Custom query modulesManage query modules

Manage query modules

Load procedures

Once you start Memgraph, it will attempt to load query modules from all *.so and *.py files from the default (/usr/lib/memgraph/query_modules and /var/lib/memgraph/internal_modules) directories.

MAGE modules are located at /usr/lib/memgraph/query_modules and custom modules developed via Memgraph Lab at /var/lib/memgraph/internal_modules.

Memgraph can load query modules from additional directories, if their path is added to the --query-modules-directory flag in the main configuration file (/etc/memgraph/memgraph.conf) or supplied as a command-line parameter (e.g. when using Docker).

If you are supplying the additional directory as a parameter, do not forget to include the path to /usr/lib/memgraph/query_modules, otherwise queries from that directory will not be loaded when Memgraph starts.

💡

When working with memgraph or memgraph-mage images you should pass configuration options like this:

docker run -p 7687:7687 -p 7444:7444 memgraph/memgraph --query-modules-directory=/usr/lib/memgraph/query_modules,/usr/lib/memgraph/my_modules

If a certain query module was added while Memgraph was already running, you need to load it manually using the mg.load("module_name") procedure within a query:

CALL mg.load("py_example");

If there is no response (no error message), the load was successful.

If you want to reload all existing modules and load any newly added ones, use mg.load_all():

CALL mg.load_all();

If there is no response (no error message), the load was successful.

You can check if the query module has been loaded by using the mg.procedures() procedure within a query:

CALL mg.procedures() YIELD *;

Once the MAGE query modules or any custom modules you developed have been loaded into Memgraph, you can call them within queries using the following Cypher syntax:

CALL module.procedure([optional parameter], arg1, "string_argument", ...) YIELD res1, res2, ...;

The optional parameter is used if you want to run the procedure on a subgraph.

General mg procedures

Here is the list of procedures from the mg query module that can be used with all other query module files and their signatures:

ProcedureDescription
mg.procedures() -> (name|STRING, signature|STRING)Lists loaded procedures and their signatures.
mg.load(module_name|STRING) -> ()Loads or reloads the given module.
mg.load_all() -> ()Loads or reloads all modules.

mg.procedures

Lists loaded procedures and their signatures.

Example of a Cypher query:

CALL mg.procedures() YIELD *;

Example of a result:

+-------------+---------------------+-------------------+-----------------------------------------------------------------------------------------------------------------------+
| is_editable | name                | path              | signature                                                                                                             |
+-------------+---------------------+-------------------+-----------------------------------------------------------------------------------------------------------------------+
| ...         | ...                 | ...               | ...                                                                                                                   |
| true        | graph_analyzer.help | "/path/to/module" | graph_analyzer.help() :: (name :: STRING, value :: STRING)                                                            |
| false       | mg.load             | "builtin"         | mg.load(module_name :: STRING) :: ()                                                                                  |
| false       | mg.load_all         | "builtin"         | mg.load_all() :: ()                                                                                                   |
| false       | mg.procedures       | "builtin"         | mg.procedures() :: (name :: STRING, signature :: STRING, is_write :: BOOLEAN, path :: STRING, is_editable :: BOOLEAN) |
| ...         | ...                 | ...               | ...                                                                                                                   |
+-------------+---------------------+-------------------+-----------------------------------------------------------------------------------------------------------------------+

mg.load_all

Loads or reloads all modules.
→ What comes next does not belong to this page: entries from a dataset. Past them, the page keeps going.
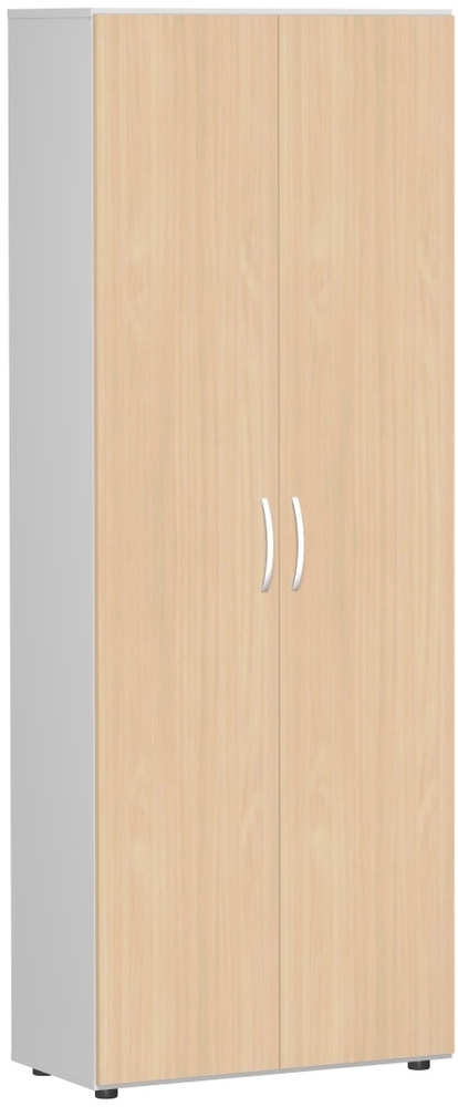 Produktinformationen "Flügeltürenschrank mit Standfüßen, inkl. Türdämpfer, nicht abschließbar, Breite 80 cm, 6OH, Buche/Lichtgrau"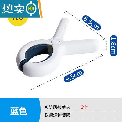 敬平大号防风晾衣夹家用晾晒棉被子衣服内衣袜强力固定器塑料大被夹子 大号蓝色[6个装]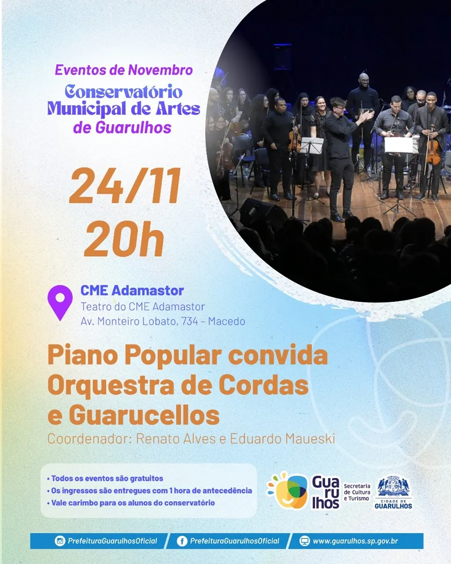 Na próxima segunda-feira (24) acontece a 3ª edição da apresentação do grupo Piano Popular, formado por alunos do Conservatório Municipal de Artes de Guarulhos, que nesta edição convida a Orquestra de Cordas e o Guarucellos. O evento acontece no Teatro Adamastor, a partir das 20h e tem entrada gratuita.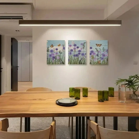 3pcs Rustic Vibrant Wildflowers and Butterflies Metal Print Ready to Hang Art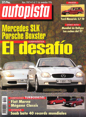 Prueba Comparativa: Fiat Marea TD 100/Renault Megane Classic 1.9 dT. Prueba Comparativa: Porsche Boxster/Mercedes SLK 230K. Suplemento especial dedicado a Kia. Prueba del Ford Maverick 2.7 TD GLS 3p. Coche del Año 1997. Presentados en Cataluña los World Rallye Cars del 97.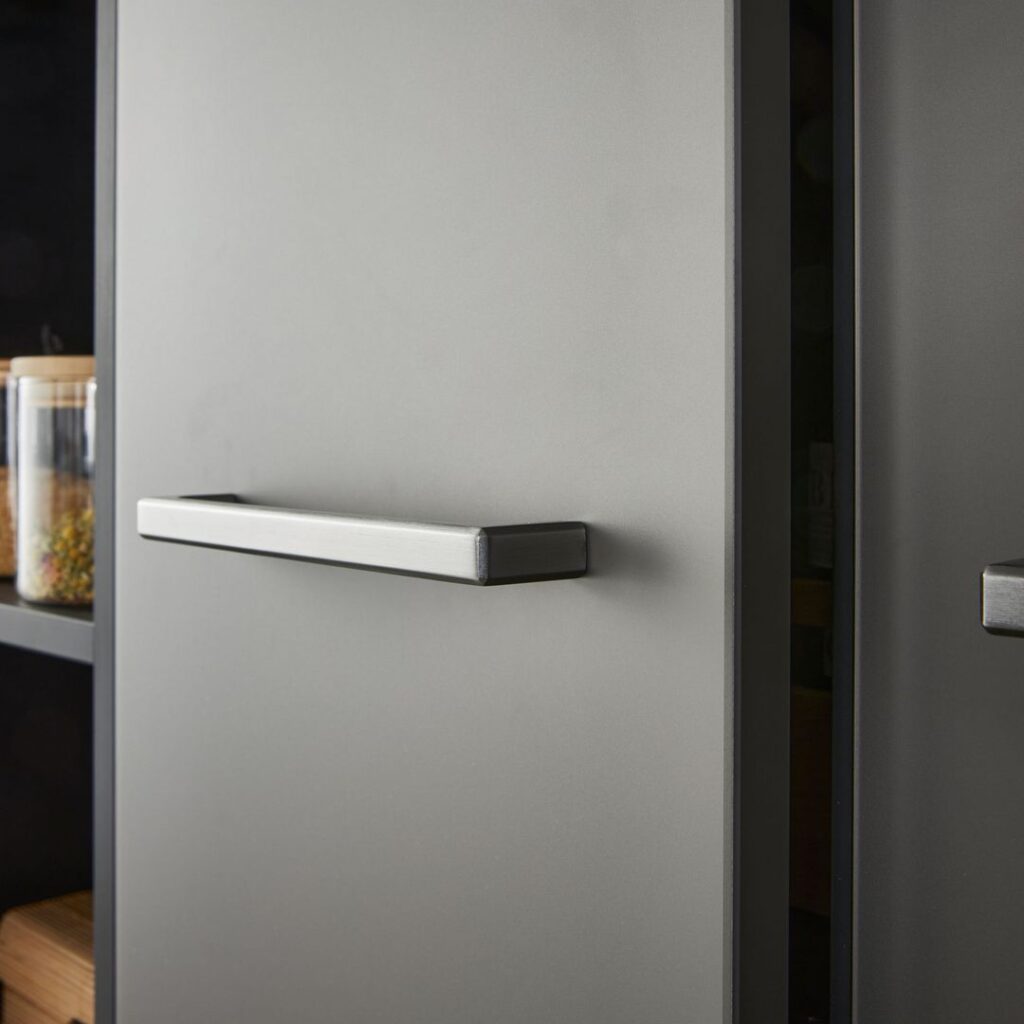 Este tirador se inspira en la metalurgia y las estructuras cristalinas. Irradia una sensación mineral y cristalina. Los bordes biselados suavizan el agarre. Ideal para frentes de Smart Glass oscuros. Distancia entre agujeros: 160 cm, color: grafito, material de la base: zinc.

Modules can only be reloaded when they are not in use. If any of the modules that would be reloaded are being used by another thread while this is run then this will fail with the error: Unable to unload modules, they are currently being used. To resolve this either rerun the procedure when the modules aren’t in use or use mg.load to load/reload the currently unused modules.

Example of a Cypher query:

CALL mg.load_all();

If the response is Empty set (x.x sec) and there are no error messages, the update was successful.

mg.load

Loads or reloads the given module. The module name provided in the input file is a module name string without the file extension. A module can only be reloaded if it is not in use and if it exists in the module directory. If the module that would be reloaded is being used by another thread while this is run, then this will fail the error: Unable to unload module 'module_name', either it doesn't exist, or it is currently being used. In order to check whether the module exists, please use CALL mg.procedures() YIELD * for custom query procedures, or CALL mg.functions() YIELD * for custom query functions.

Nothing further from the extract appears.